You could almost see the sepia tone – a woman wearing a nine-yard sari stood smiling beside a gramophone. She was accompanied by her husband, who was dressed in a dhoti coupled with a classic Maharashtrian coat. The scenery behind them was hand painted, and they made a handsome pair. As the woman changed back into her dress and sneakers, the photographer connected his digital camera to a computer so he could email them the portrait.
The couple was one of several families that visited The Old World Photo Studio at the Piramal Gallery, in Mumbai’s National Centre for Performing Arts, earlier this month. To celebrate World Photography Day on August 18, Mumbai-based photographer Shirish Karrale and his wife Varsha Karrale invited families to pose for portraits in their traditional attire. The project was open to participants for three days, over the course of which Karrale, Varsha and their assistants photographed over 75 families.
No airbrushed beauties
Karrale, who works at an advertising firm, said he had photographed several celebrities and models through his career, but felt the desire to capture portraits of regular people because of a chance comment by his wife. “She said to me, ‘Your models and slim and trim, but what about normal women?’ I decided that I wanted to capture the phenomenon that we refer to as Indian beauty,” said Karrale. “And then a picture was brought to me for retouching, which was from the 1960s. I have always been fond of old pictures, especially the ones taken by Raja Deen Dayal. So I wondered why we don’t shoot pictures like this anymore,” he said.
Karrale first decided to design a traditional photo studio and shoot pictures of people clad in traditional attire in 2010. He studied hundreds of old pictures to replicate the outfits that people wore when they visited photo studios. “I had to see if people wore shawls or angarakhas, what kind of caps they wore and how they dressed up when they went to a studio for a portrait,” he said. To imitate the pleasant, nostalgic aesthetic of the photo studios, he hunted for antique chairs, old carpets and gramophones.
When the experimental shoot churned out satisfactory pictures, Karrale first decided to open his project to the public at the Kala Ghoda Fest in 2011. The operation was similar to the one at the NCPA – he was assisted by his wife Varsha, who is a commercial artist and curator. At a studio designed by the couple, visitors changed into traditional clothes and posed for portraits. The participants left their e-mail addresses with Karrale, who processed the images and sent them digital copies.

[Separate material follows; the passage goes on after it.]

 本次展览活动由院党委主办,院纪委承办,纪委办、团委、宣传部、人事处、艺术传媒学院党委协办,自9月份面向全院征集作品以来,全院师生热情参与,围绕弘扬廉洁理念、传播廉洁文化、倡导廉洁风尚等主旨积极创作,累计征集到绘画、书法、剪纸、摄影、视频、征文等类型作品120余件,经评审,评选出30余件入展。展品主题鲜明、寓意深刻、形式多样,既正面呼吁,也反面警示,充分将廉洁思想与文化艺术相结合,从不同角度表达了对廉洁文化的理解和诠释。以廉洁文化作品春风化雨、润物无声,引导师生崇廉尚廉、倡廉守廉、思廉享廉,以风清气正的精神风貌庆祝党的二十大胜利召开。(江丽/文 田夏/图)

“For the photo studio in Kala Ghoda, we created a small green room, and people would get ready within 15 minutes,” Varsha said. “We clicked pictures of around thousand families in those nine days, and people really appreciated the concept.”

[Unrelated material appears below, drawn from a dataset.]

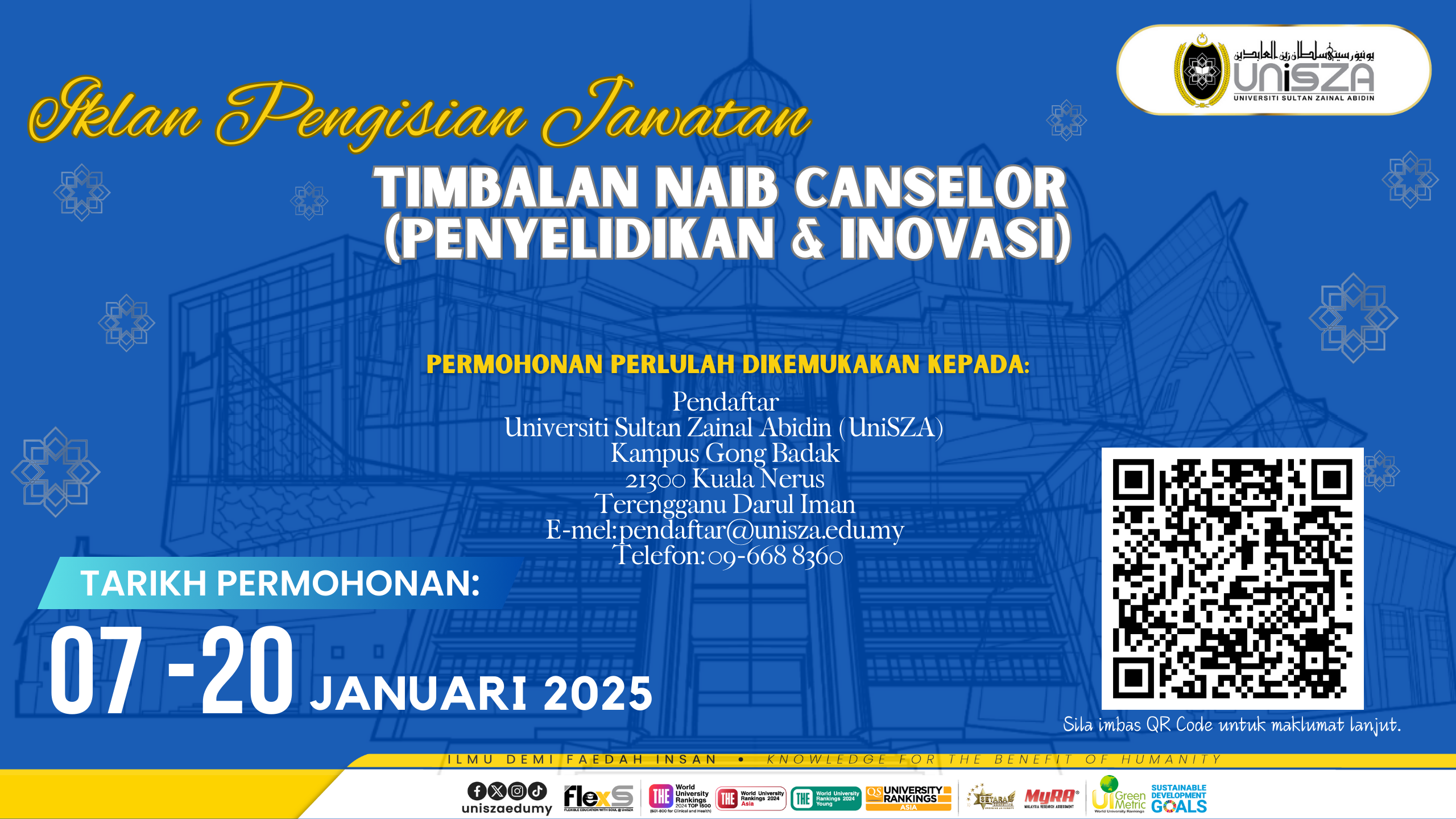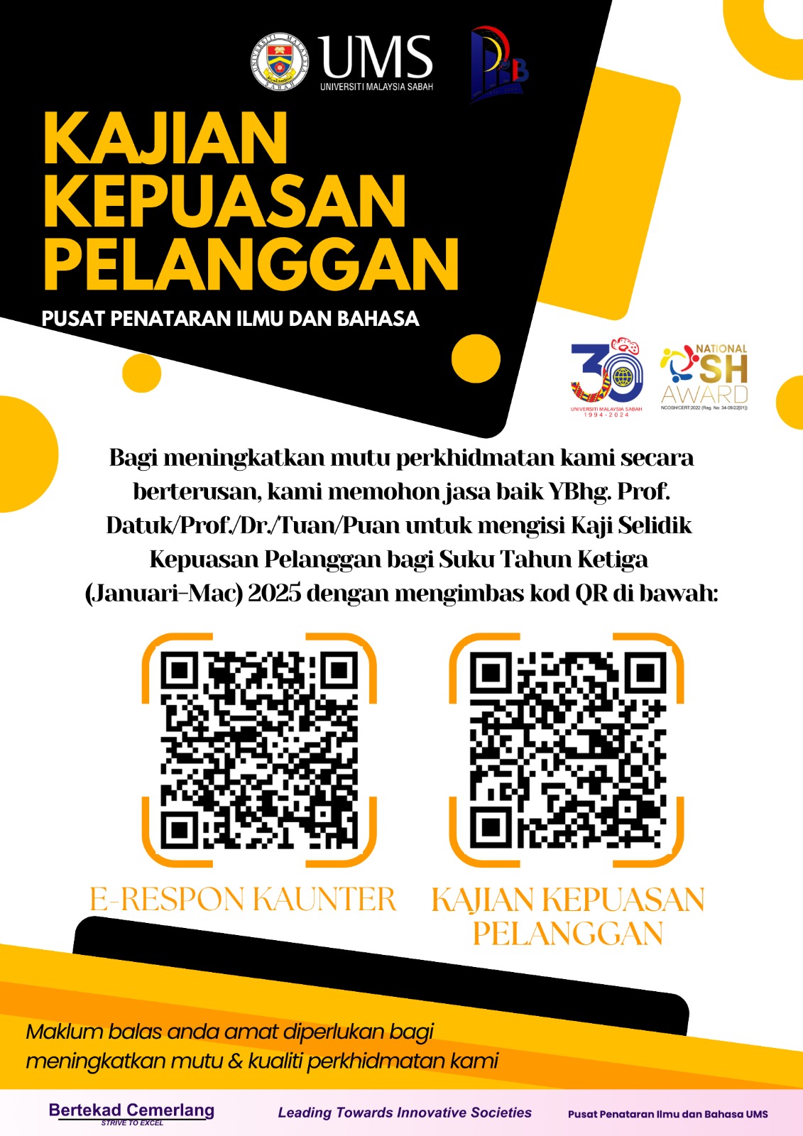 Pihak kami memohon maklum balas daripada YBrs. Prof./Prof. Madya/Dr./Tuan/Puan untuk melengkapkan soal selidik kajian kepuasan pelanggan melalui imbasan kod QR di poster bagi meningkatkan mutu & kualiti perkhidmatan kami.

This was how the couple decided to replicate the concept for The Old World Photo Studio at the NCPA. They provided participants with stitched nine-yard sarees and dhotis, along with appropriate accessories like bags and caps and the studio was slightly modified.
“Although we announced that it was meant to be a family portrait with people wearing their traditional dresses, we kept some clothes ready,” Varsha said. “To my surprise, I found that many people were not aware about how to drape a normal saree, how to take the pallu, or even what a mangalsutra is,” said Varsha.
Varsha was also pleasantly surprised when she encountered families that had preserved their traditional jewellery and clothes, some of which they claimed were over a hundred years old. “Some people had maintained their great-grandparents’ jewellery so beautifully, the jewels had been kept apart from their usual, everyday ornaments,” said Varsha. “The families proudly demonstrated how each ornament was meant to be worn. I learnt so many things from them.”
Dressing up in their traditional clothes gave the participants an opportunity to become acquainted with objects that are considered part of their cultural heritage. For instance, Varsha also provided interested participants with a Maharashtrian nath, the nose-pin that is traditionally worn by women on auspicious occasions.
Apart from Maharashtrian families, who came wearing “tremendously rich and well-preserved old nine-yard sarees,” Varsha noted that many Gujarati, Sindhi and Bengali families also visited the studio dressed in grand traditional attires. “We didn’t want to put any restriction on the kind of clothes the people wore, so I had the opportunity to be proud of the variety of people that live in India,” she said.
Family photographs are irreplaceable fragments of personal and social history, not only because they are emphatic testaments to a specific way of life, but also because they are treasured over several generations. The Old World Photo Studio allowed participants to experience a portion of the personal histories that they had preserved over decades, and also create tangible memories for posterity.
Karrale remarked that projects like this give him tremendous personal satisfaction. “People enjoying photography is very important to me,” he said.
Posing for family portraits at a studio was once an elaborate social activity. Although the traditional family portrait has now been replaced by group selfies, Karrale said that he hoped to remind people of the charm of studio photography. “Very few people are really interested in carefully posed family portraits now,” he said. “This was just a very good opportunity for families to come together and shoot beautiful pictures.”